How to normalize Twitter counts? A first attempt based on journals in the Twitter Index

Article Open access 27 February 2016

Normalizing the g-index

Article 26 November 2015

Slow, slow, quick, quick, slow: five altmetric sources observed over a decade show evolving trends, by research age, attention source maturity and open access status

Article 27 February 2023

Use our pre-submission checklist

Avoid common mistakes on your manuscript.

Introduction

Alternative metrics (altmetrics) is a new fast-moving area in scientometrics (Galloway et al. 2013). Initially, altmetrics—a collection of many web-based indicators—have been proposed as a supplement to traditional bibliometric indicators. They measure attention related to research papers on internet platforms. The core of altmetrics is gathered from social media platforms, but mentions in mainstream media or in policy documents also belong to the umbrella term altmetrics (National Information Standards Organization 2016; Work et al. 2015). According to Haustein (2016), sources of altmetrics can be grouped into (i) social networks, (ii) social bookmarks and online reference management, (iii) social data (e.g., data sets, software, presentations), (iv) blogs, (v) microblogs, (vi) wikis, and (vii) recommendations, ratings, and reviews.

Recently, some indicators based on altmetrics have been proposed which are normalized with respect to the scientific field and publication year. These indicators were developed because studies have shown that altmetrics are—similar to bibliometric data—field- and time-dependent (see, e.g., Bornmann 2014). Some fields are more relevant to the general public or a broader audience than other fields (Haustein et al. 2014). The Mean Normalized Reader Score (MNRS) was introduced by Haunschild and Bornmann (2016) for normalization of data from social bookmarks and online reference management platforms (with a special emphasis on Mendeley readers) (see also Fairclough and Thelwall 2015).
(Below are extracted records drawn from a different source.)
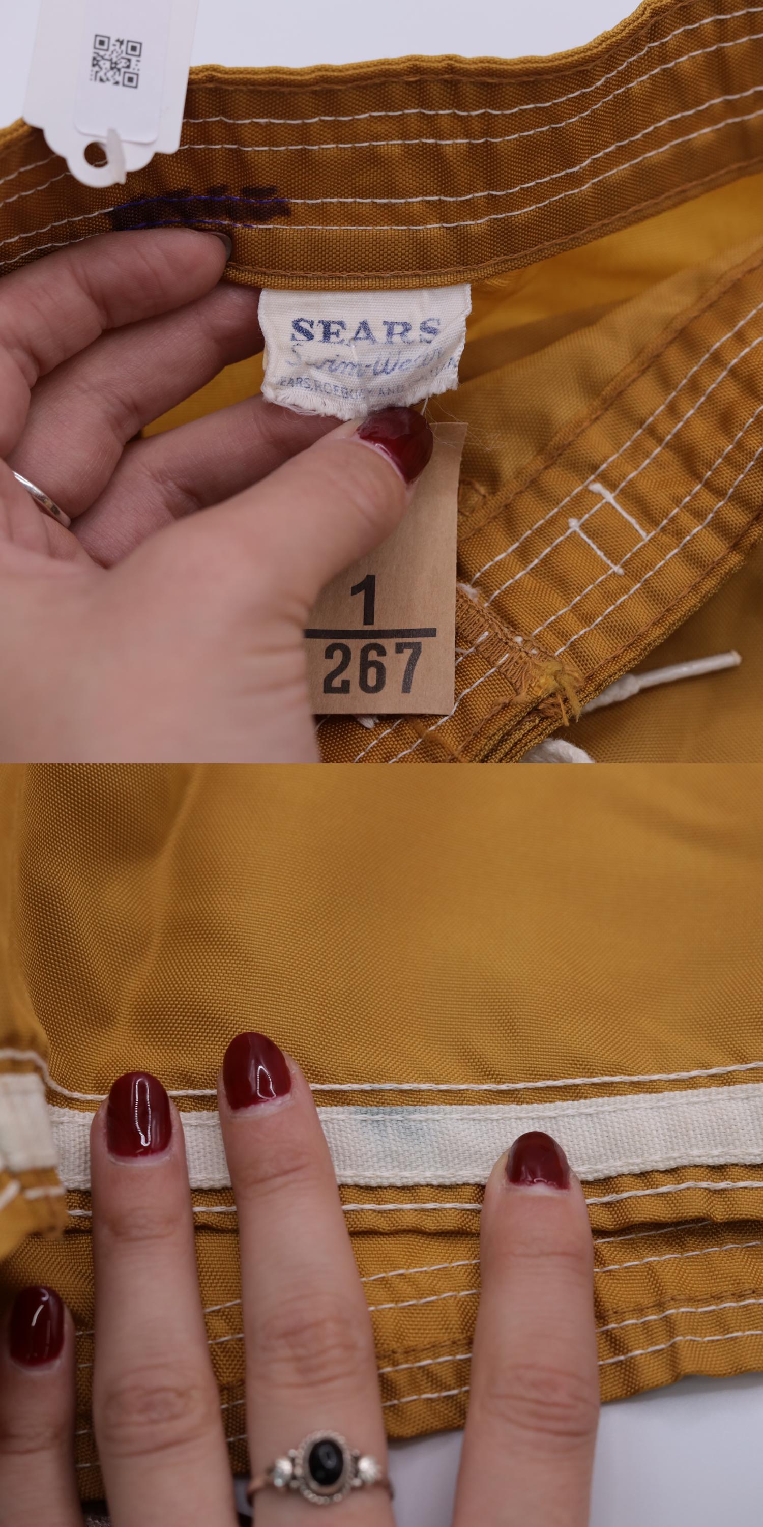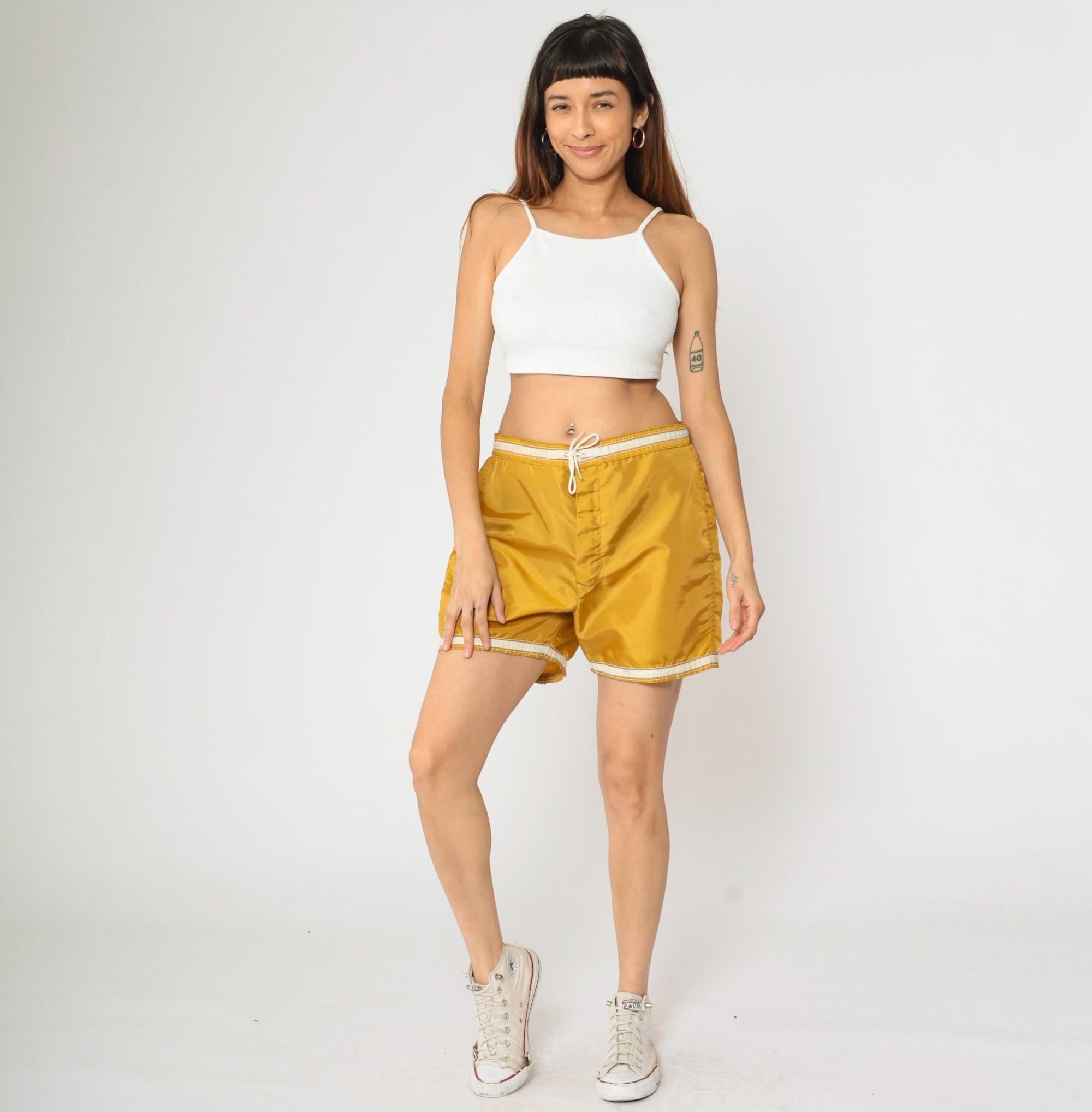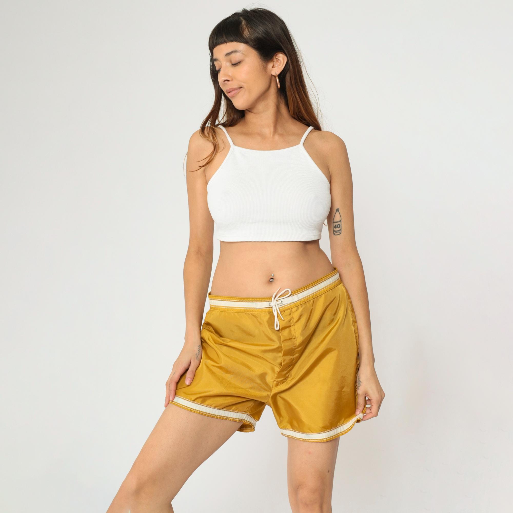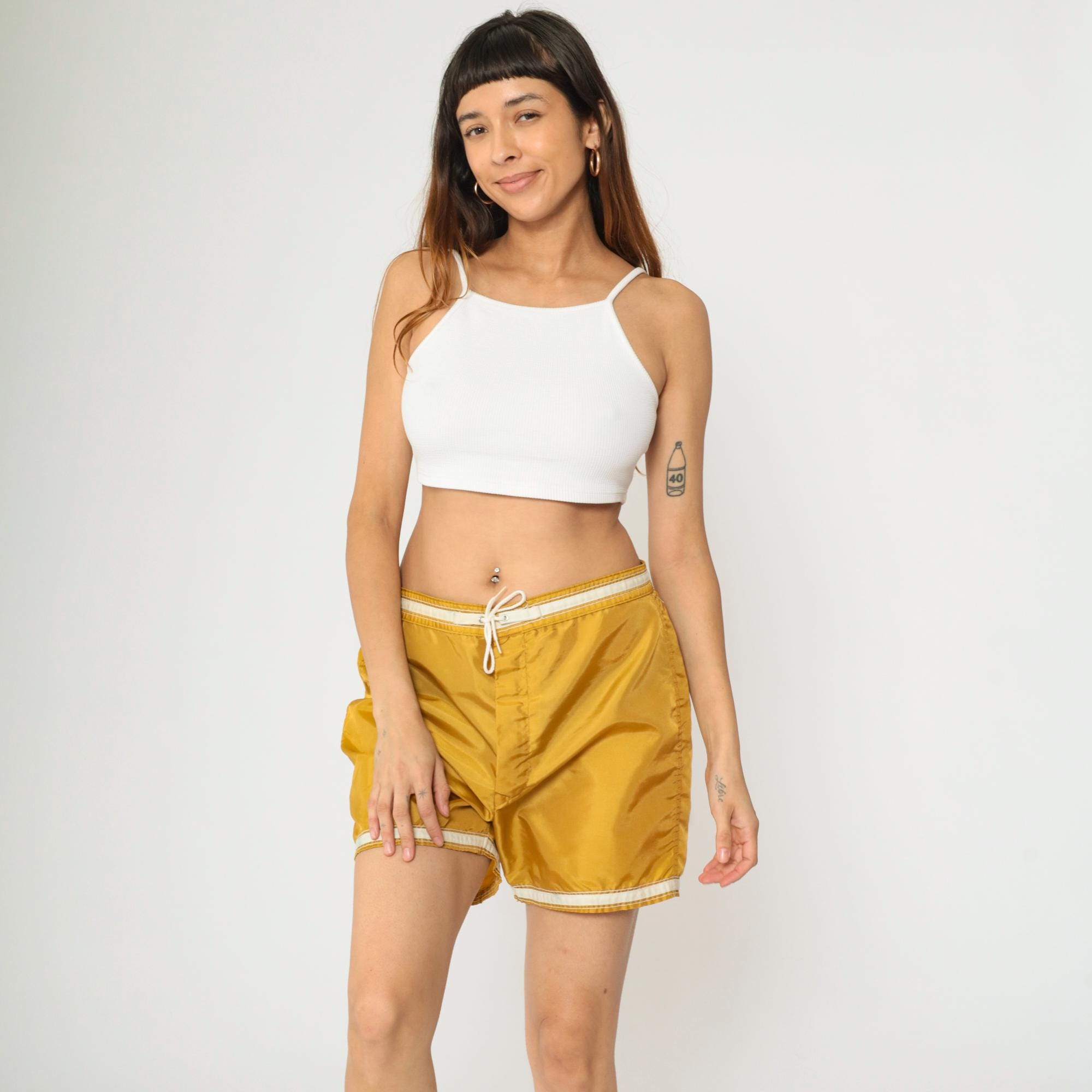 Vintage 70s swim shorts in mustard yellow with striped trim and a tie at the waist.
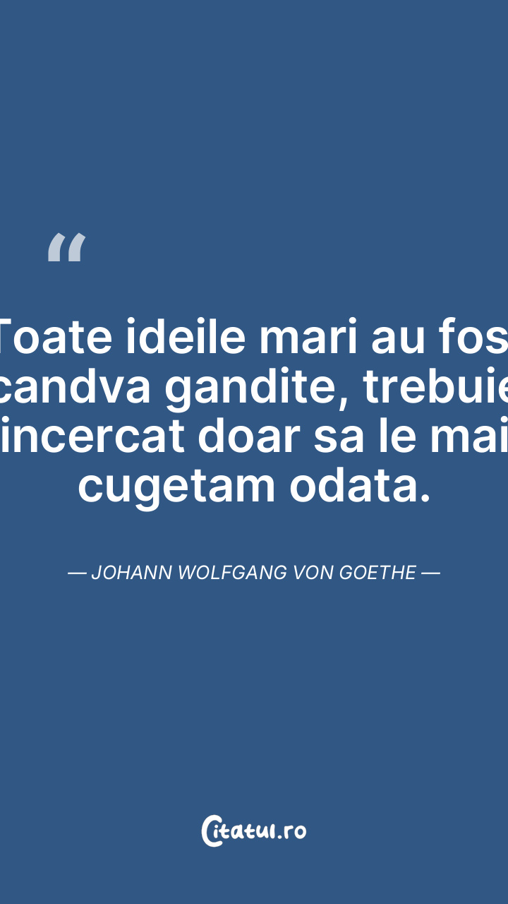 Toate ideile mari au fost candva gandite, trebuie incercat doar sa le mai cugetam odata. Johann Wolfgang von Goethe
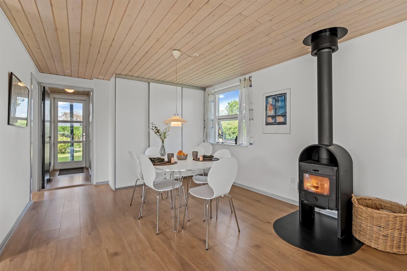 Sommerhuset egner sig til 6 personer samt 1 barn op til 3 år. Ferieboligen er på 82 m² og er bygget i 1968. I 2004 gennemgik ferieboligen en delvis renovering. Det er ikke tilladt at medbringe husdyr. Ferieboligen er udstyret med energibesparende varmepumpe. Der er gulvvarme i alle klinkegulve. Ferieboligen har vaskemaskine. Frysekapacitet på 50 liter. Der er desuden brændeovn. Til de små er der 1 stk. barnestol.

The Mean Discipline Normalized Reader Score (MDNRS) was tailored specifically to Mendeley by Bornmann and Haunschild (2016b). The MDNRS uses Mendeley disciplines for field normalization. The employed normalization procedures rely on average value calculations across scientific fields and publication years as expected values.

However, normalization procedures based on averages (and percentiles) of individual papers are problematic for data sets with many zeros because averages can get close to zero and only few percentile ranks are occupied (Haunschild et al. 2016). The overview of Work et al. (2015) on studies investigating the coverage of papers on social media platforms show that less than 5% of the analyzed papers were mentioned on many platforms (e.g., Blogs or Wikipedia). Erdt et al.(2016) reported similar findings in their meta-analysis. They found that former empirical studies dealing with the coverage of altmetrics show that about half of the platforms are at or below 5%; except for three (out of eleven) where the coverage is below 10%.

Bornmann and Haunschild (2016a) propose the Twitter Percentile (TP)—a field- and time-normalized indicator for Twitter data. Bornmann and Haunschild (2016a) circumvent the problem of Twitter data with many zeros by including in the TP calculation only journals with at least 80% of the papers having at least 1 tweet each. However, this procedure leads to the exclusion of many journals from the TP procedure.

Very recently, Thelwall (2017a, b) proposed a new family of field- and time-normalized indicators. These indicators are based on units of analysis (e.g., a researcher or institution) rather than on single papers. They compare the proportion of mentioned papers (e.g., on Twitter) of a unit with the proportion of mentioned papers in the corresponding fields and publication years (the expected values). The family consists of the Equalized Mean-based Normalized Proportion Cited (EMNPC) and the Mean-based Normalized Proportion Cited (MNPC). Hitherto, this new family of indicators has only been studied on rather small samples.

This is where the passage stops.